Items listed in a dataset:
§
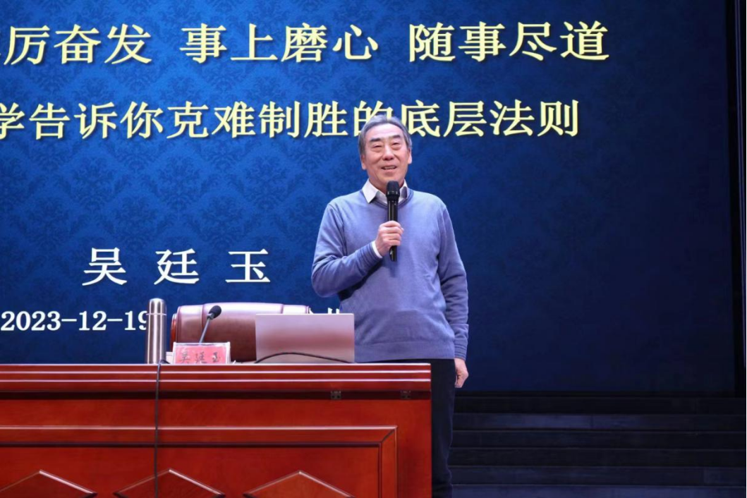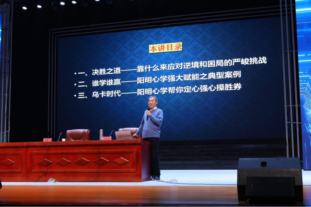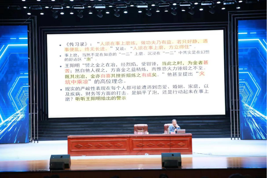 12月19日,文学院邀请著名学者吴廷玉教授在齐越大讲堂举办《知行合一 踔厉奋发 事上磨心 随事尽道》阳明心学讲座。此次讲座由文学院院长王金萍主持,文学院、马克思主义学院、教育学院、政史学院约1000名师生代表聆听讲座。
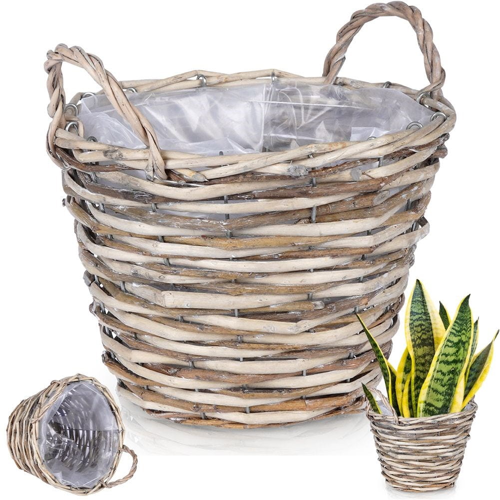 Oryginalna osłonka na rośliny, kwiaty, zioła. Wykonana z wikliny, ręcznie metodą rzemieślniczą Wewnątrz wyłożona folią zapobiegającą wylewaniu nadmiaru wody.✅Dane techniczne:
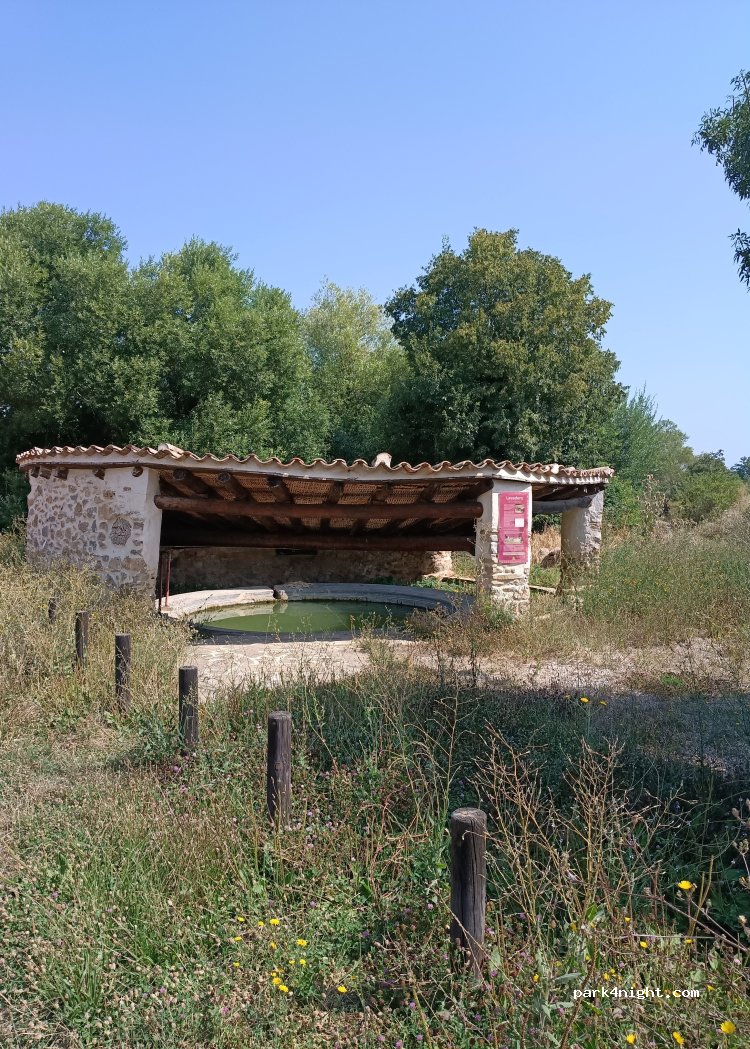 Es un lavadero precioso con forma redonda, tiene una mesa de picnic lugar bonito
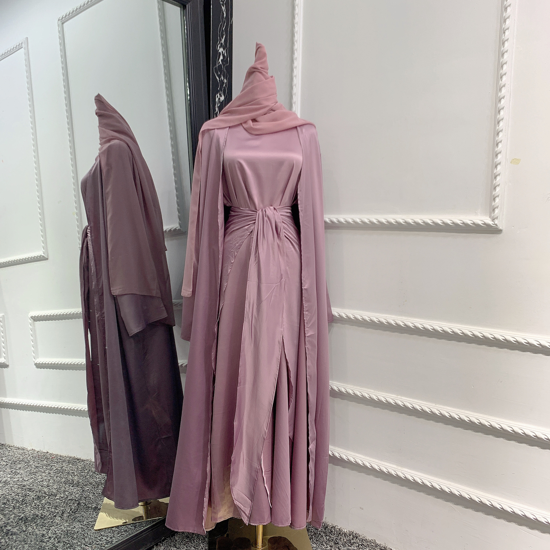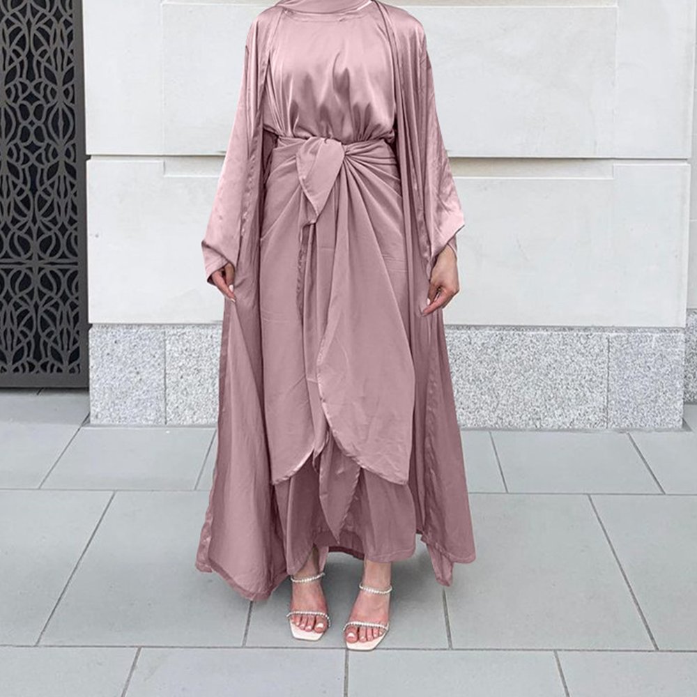 Muslim cardigan Kimono Women Hijab Dress Abaya Inner Robe with Wrap Tie Skirt Islam Clothing Dubai Turkey Kaftan Modest Outfit
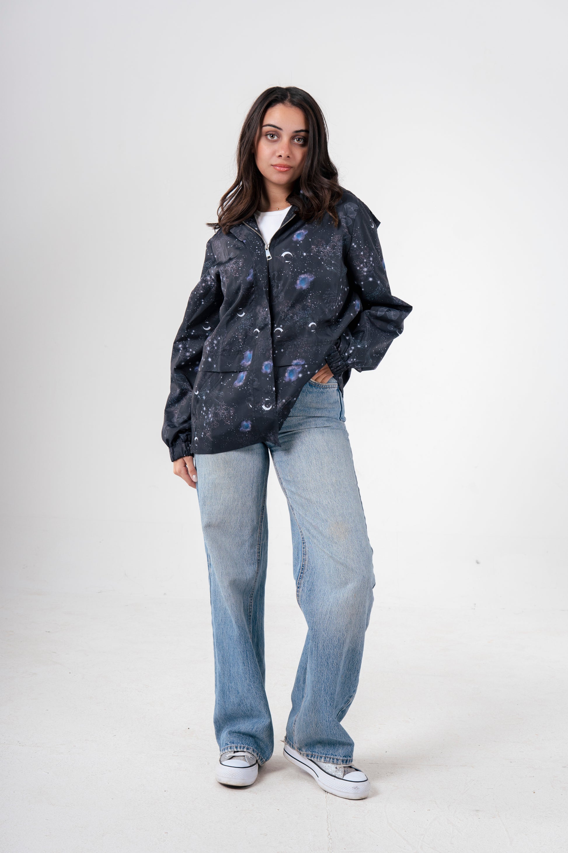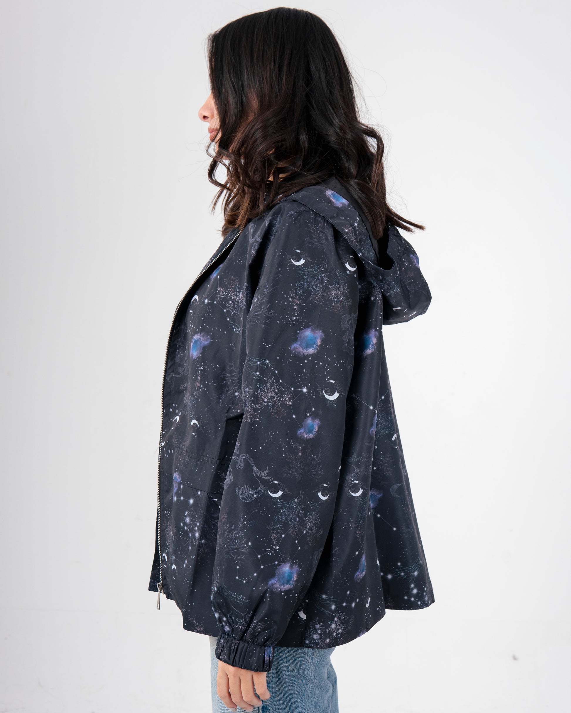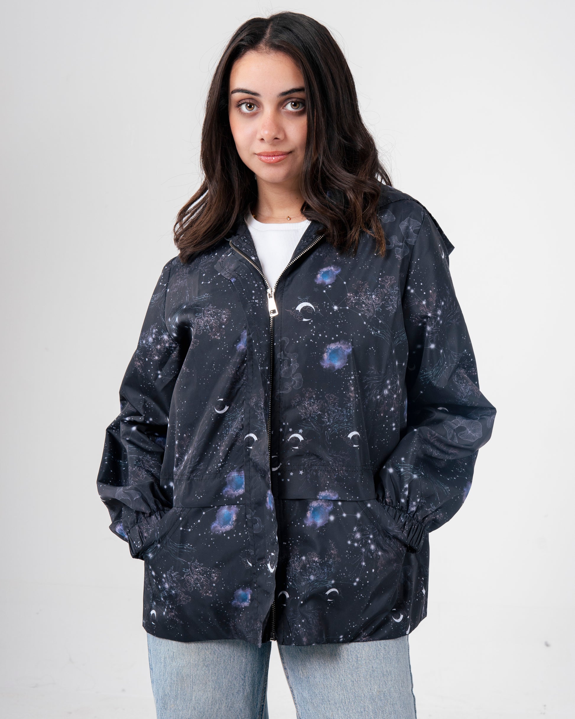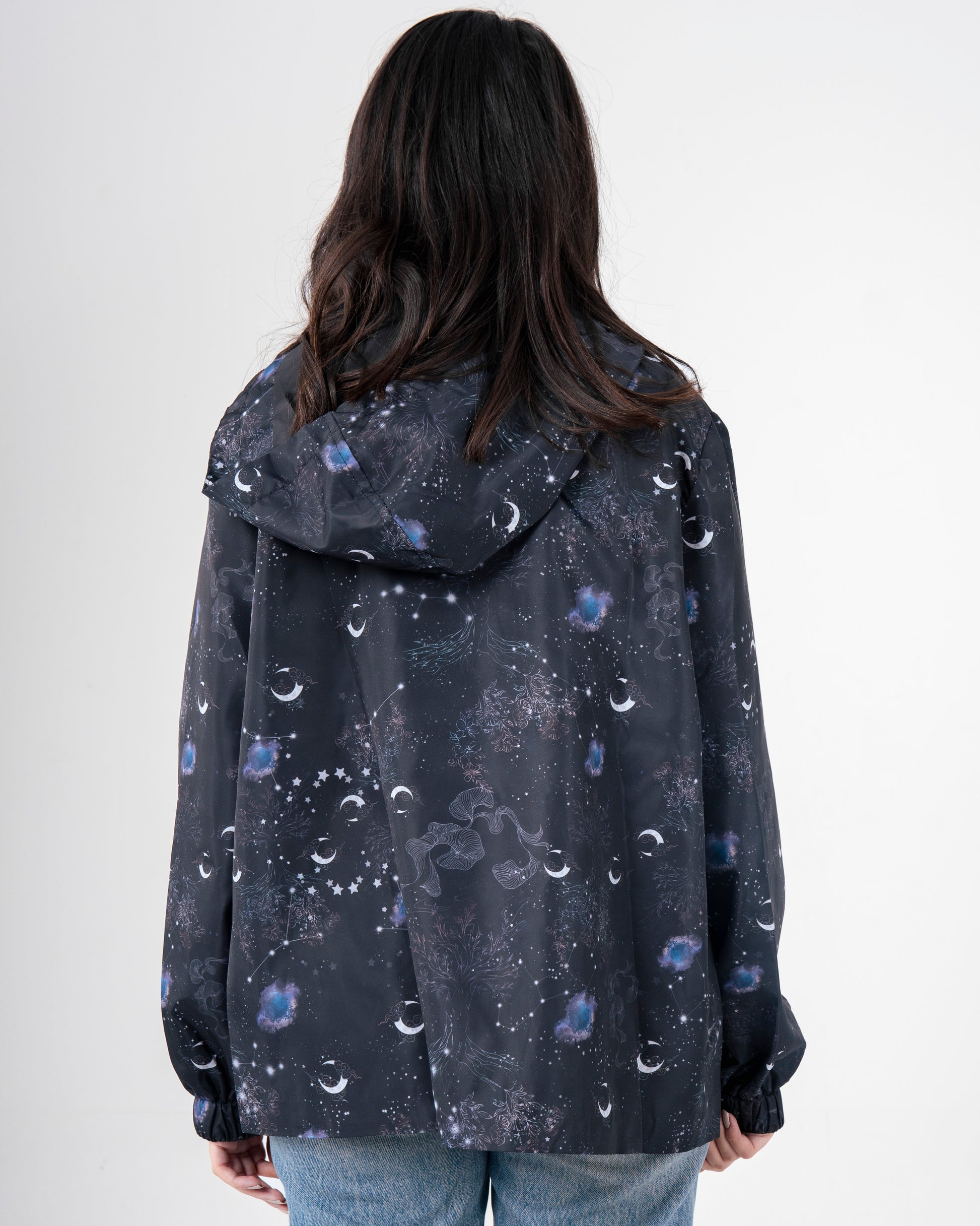 A lightweight waterproof jacket featuring the Celestial print in deep black tones. Designed for winter or any season light for layering and protective for rainy days. Made in small batches with a subtle starry touch.
§
All of the data gets printed again exactly; the pictures do not.

 12月19日,文学院邀请著名学者吴廷玉教授在齐越大讲堂举办《知行合一 踔厉奋发 事上磨心 随事尽道》阳明心学讲座。此次讲座由文学院院长王金萍主持,文学院、马克思主义学院、教育学院、政史学院约1000名师生代表聆听讲座。
 Oryginalna osłonka na rośliny, kwiaty, zioła. Wykonana z wikliny, ręcznie metodą rzemieślniczą Wewnątrz wyłożona folią zapobiegającą wylewaniu nadmiaru wody.✅Dane techniczne:
 Es un lavadero precioso con forma redonda, tiene una mesa de picnic lugar bonito
 Muslim cardigan Kimono Women Hijab Dress Abaya Inner Robe with Wrap Tie Skirt Islam Clothing Dubai Turkey Kaftan Modest Outfit
 A lightweight waterproof jacket featuring the Celestial print in deep black tones. Designed for winter or any season light for layering and protective for rainy days. Made in small batches with a subtle starry touch.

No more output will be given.